# TASK BRIEF:
Nothing but the pictures should be left out when you copy the records exactly.

[STUDY MATERIAL — start]

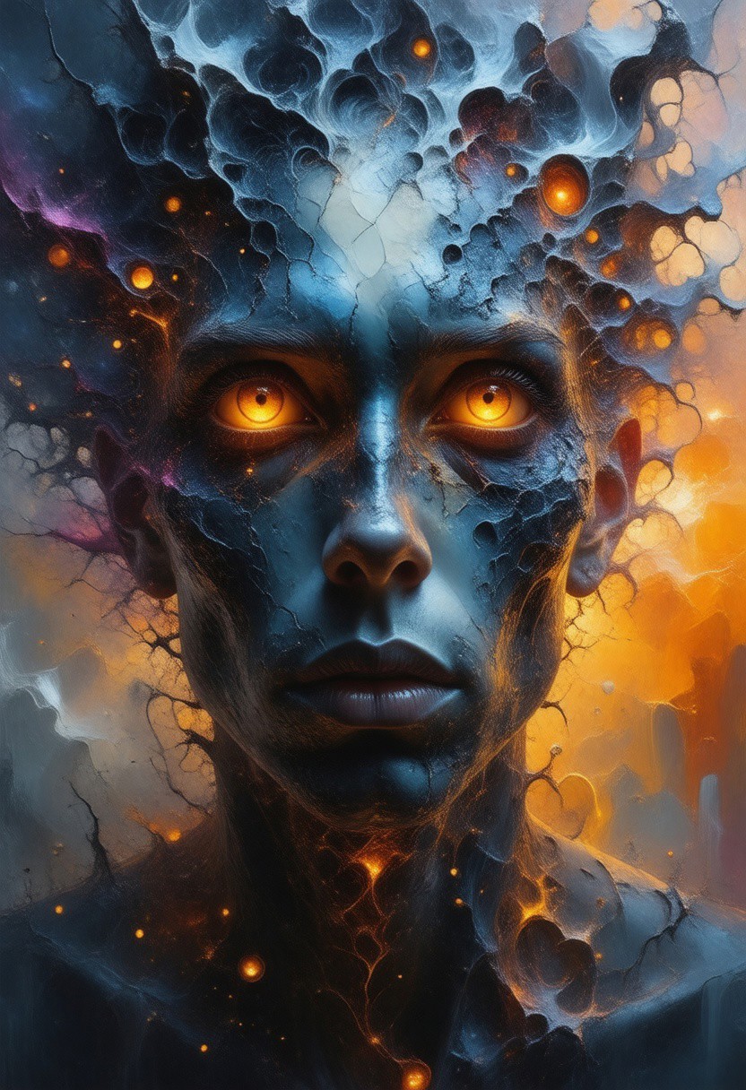 A beautiful dark chaotic mind of melting mayhem, wicked thoughts, by Yossi Kotler, Vivid portrait. The mind is represented by a swirling vortex of colors and shapes, with hints of recognizable objects and figures. The lighting is dramatic and intense, with a sense of impending doom. A masterpiece, best quality, 8k resolution, trending on Artstation, surrealism, expressive colors, powerful, impactful, atmospheric.
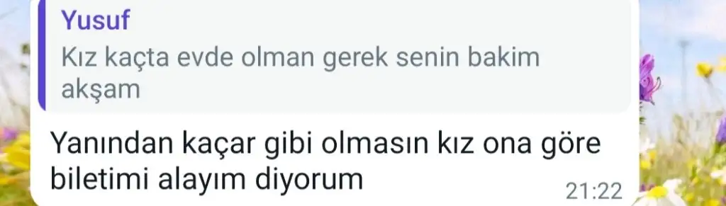 Iyi de adam size attığı mesajda kaçta evde en geç oluyorsun ona göre bilet alayım yanından kaçar gibi gitmeyeyim demiş, bilet alış saatini ayarlamaya çalışmış ne var bunda
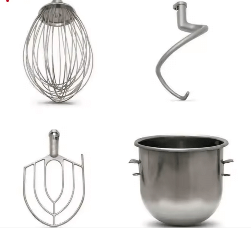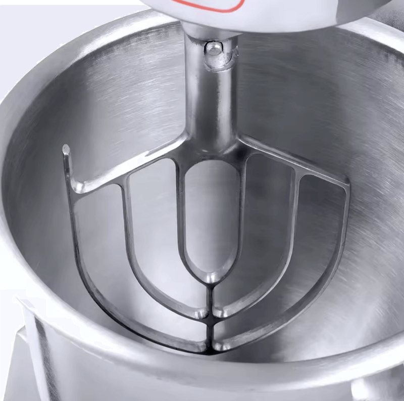 Our commercial Planetary Mixer comes equipped with three specialized attachments: the dough hook for heavy doughs like pizza bread, the flat whisk for cakes and batters, and the wire whisk for creams and egg whites. This comprehensive set enables perfect results across all mixing applications.
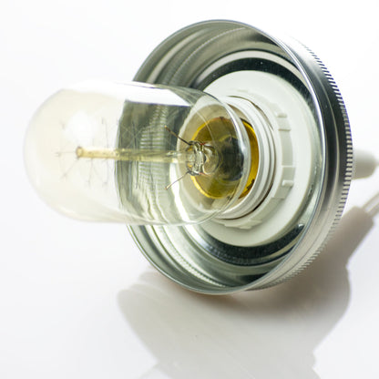 Type of Lid: Screw-On Wide Mouth Lid for Wide Mouth Mason Jars. Size of opening: ~3.5 inches. Size of Hole: 1.6 inches. Lid Color: Silver. Supported Pendant Light Cords: - 11FT White (11UL1SC-WH) - 15FT White (15UL1SC-WH) - 11FT Black (11UL1SC-BK) - 15FT Black (15UL1SC-BK) - 11FT Clear (11UL1SC-CL) - 15FT Clear (15UL1SC-CL) - 19FT Triple Socket White (19UL3SC-WH) - 19FT Triple Socket Black (19UL3SC-BK) Included Bulbs: Not Included. *Light Bulb Not Included.
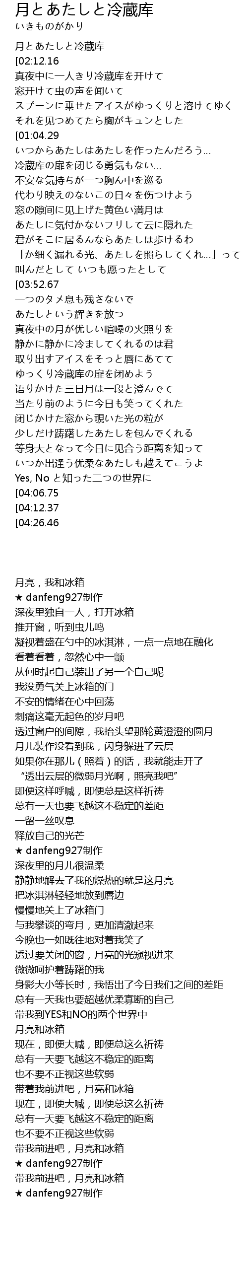 | [00:01.00] | 月とあたしと冷蔵库 |
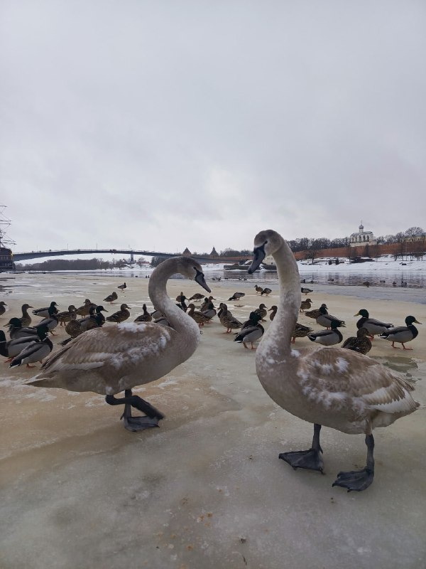 Дмитрий Графов успокоил новгородцев по поводу травмированного лебедя Ранее в СМИ со ссылкой на подписчицу сообщалось, что на Волхове один из лебедей якобы пострадал от собаки: у птицы «сломана лапа», она «сидит на льду и не может ни плавать, ни ходить». Председатель комитета охотничьего хозяйства и рыболовства Новгородской области пояснил, что лебеди благополучно кормятся. По его словам, одна птица действительно прихрамывает на левую ногу, однако, судя по визуальному осмотру, травма старая — более месяца. При этом лебедь хорошо держится на воде и находится в нормальной упитанности. Подписаться | Предложить новость
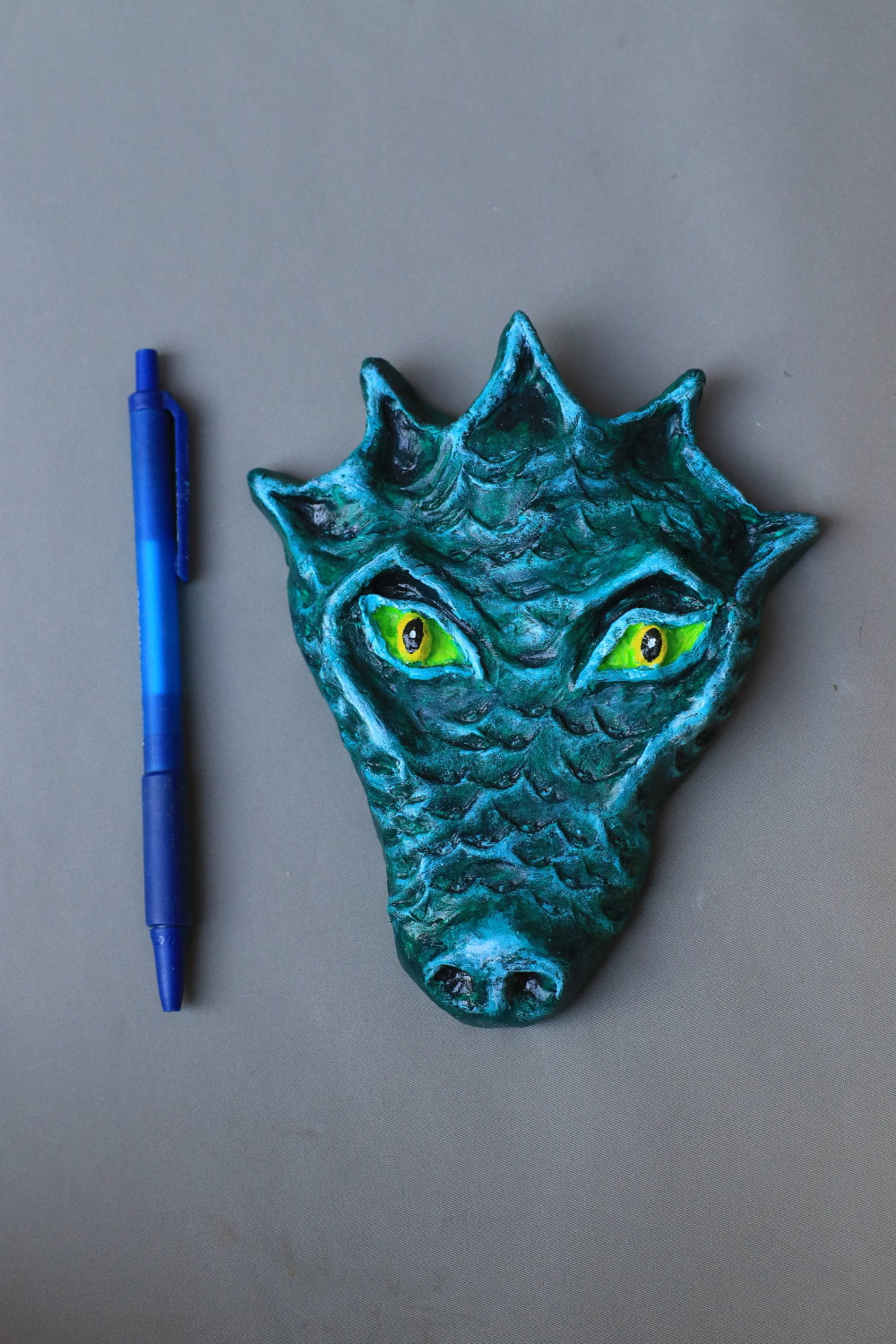 Gemaakt van zelfhardende klei, beschilderd met acrylverf, voorzien van een vernislaag ter bescherming. Achterop zit een haakje waar je het masker mee op kan hangen.
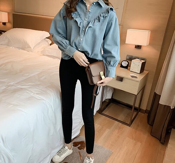 襟部分に、フリルのデザインがあしらわれた、デニムシャツ。
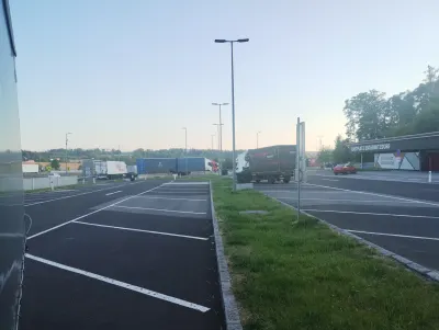 хороший ,чистий паркінг.. туалет безплатно,душ 1 євро..став після 20.00 то ще ззаду фур були місця
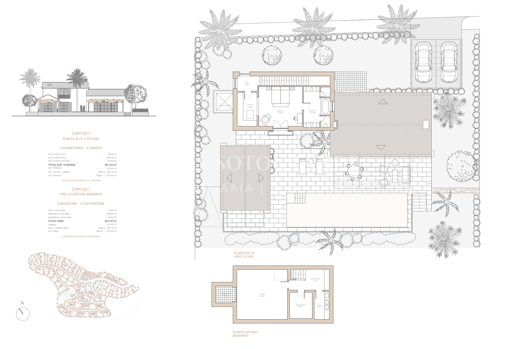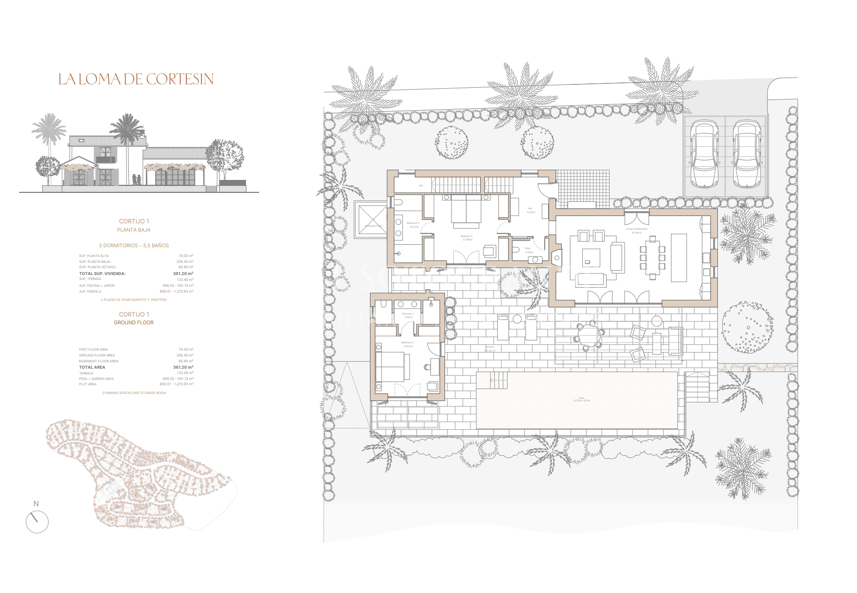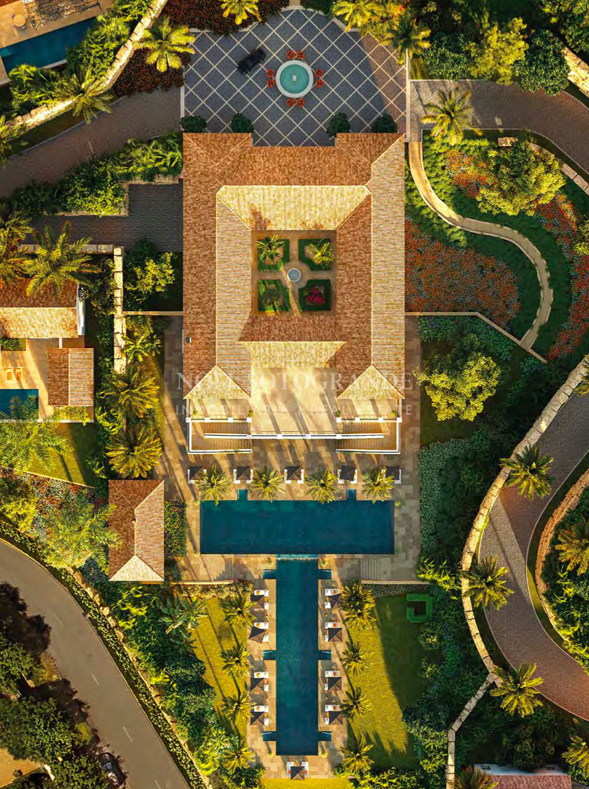 Diese luxuriöse 3-Schlafzimmer-Villa, die zur Casa Pueblo 2 gehört, zeigt eine einzigartige Architektur im mediterranen Stil. Jedes Haus bietet ein geräumiges Interieur von 365 m² bis 398 m², mit einem Erdgeschoss von 125 m², einem ersten Stock von 119 m² und einem Untergeschoss von 120 m² bis 154 m². Der Außenbereich umfasst einen Pool und eine Gartenfläche von 72 m² bis 326 m², ergänzt durch eine Terrasse und eine Pergola von 77 m² bis 128 m².

[STUDY MATERIAL — finish]

# ANSWER TO THIS EXERCISE:
 A beautiful dark chaotic mind of melting mayhem, wicked thoughts, by Yossi Kotler, Vivid portrait. The mind is represented by a swirling vortex of colors and shapes, with hints of recognizable objects and figures. The lighting is dramatic and intense, with a sense of impending doom. A masterpiece, best quality, 8k resolution, trending on Artstation, surrealism, expressive colors, powerful, impactful, atmospheric.
 Iyi de adam size attığı mesajda kaçta evde en geç oluyorsun ona göre bilet alayım yanından kaçar gibi gitmeyeyim demiş, bilet alış saatini ayarlamaya çalışmış ne var bunda
 Our commercial Planetary Mixer comes equipped with three specialized attachments: the dough hook for heavy doughs like pizza bread, the flat whisk for cakes and batters, and the wire whisk for creams and egg whites. This comprehensive set enables perfect results across all mixing applications.
 Type of Lid: Screw-On Wide Mouth Lid for Wide Mouth Mason Jars. Size of opening: ~3.5 inches. Size of Hole: 1.6 inches. Lid Color: Silver. Supported Pendant Light Cords: - 11FT White (11UL1SC-WH) - 15FT White (15UL1SC-WH) - 11FT Black (11UL1SC-BK) - 15FT Black (15UL1SC-BK) - 11FT Clear (11UL1SC-CL) - 15FT Clear (15UL1SC-CL) - 19FT Triple Socket White (19UL3SC-WH) - 19FT Triple Socket Black (19UL3SC-BK) Included Bulbs: Not Included. *Light Bulb Not Included.
 | [00:01.00] | 月とあたしと冷蔵库 |
 Дмитрий Графов успокоил новгородцев по поводу травмированного лебедя Ранее в СМИ со ссылкой на подписчицу сообщалось, что на Волхове один из лебедей якобы пострадал от собаки: у птицы «сломана лапа», она «сидит на льду и не может ни плавать, ни ходить». Председатель комитета охотничьего хозяйства и рыболовства Новгородской области пояснил, что лебеди благополучно кормятся. По его словам, одна птица действительно прихрамывает на левую ногу, однако, судя по визуальному осмотру, травма старая — более месяца. При этом лебедь хорошо держится на воде и находится в нормальной упитанности. Подписаться | Предложить новость
 Gemaakt van zelfhardende klei, beschilderd met acrylverf, voorzien van een vernislaag ter bescherming. Achterop zit een haakje waar je het masker mee op kan hangen.
 襟部分に、フリルのデザインがあしらわれた、デニムシャツ。
 хороший ,чистий паркінг.. туалет безплатно,душ 1 євро..став після 20.00 то ще ззаду фур були місця
 Diese luxuriöse 3-Schlafzimmer-Villa, die zur Casa Pueblo 2 gehört, zeigt eine einzigartige Architektur im mediterranen Stil. Jedes Haus bietet ein geräumiges Interieur von 365 m² bis 398 m², mit einem Erdgeschoss von 125 m², einem ersten Stock von 119 m² und einem Untergeschoss von 120 m² bis 154 m². Der Außenbereich umfasst einen Pool und eine Gartenfläche von 72 m² bis 326 m², ergänzt durch eine Terrasse und eine Pergola von 77 m² bis 128 m².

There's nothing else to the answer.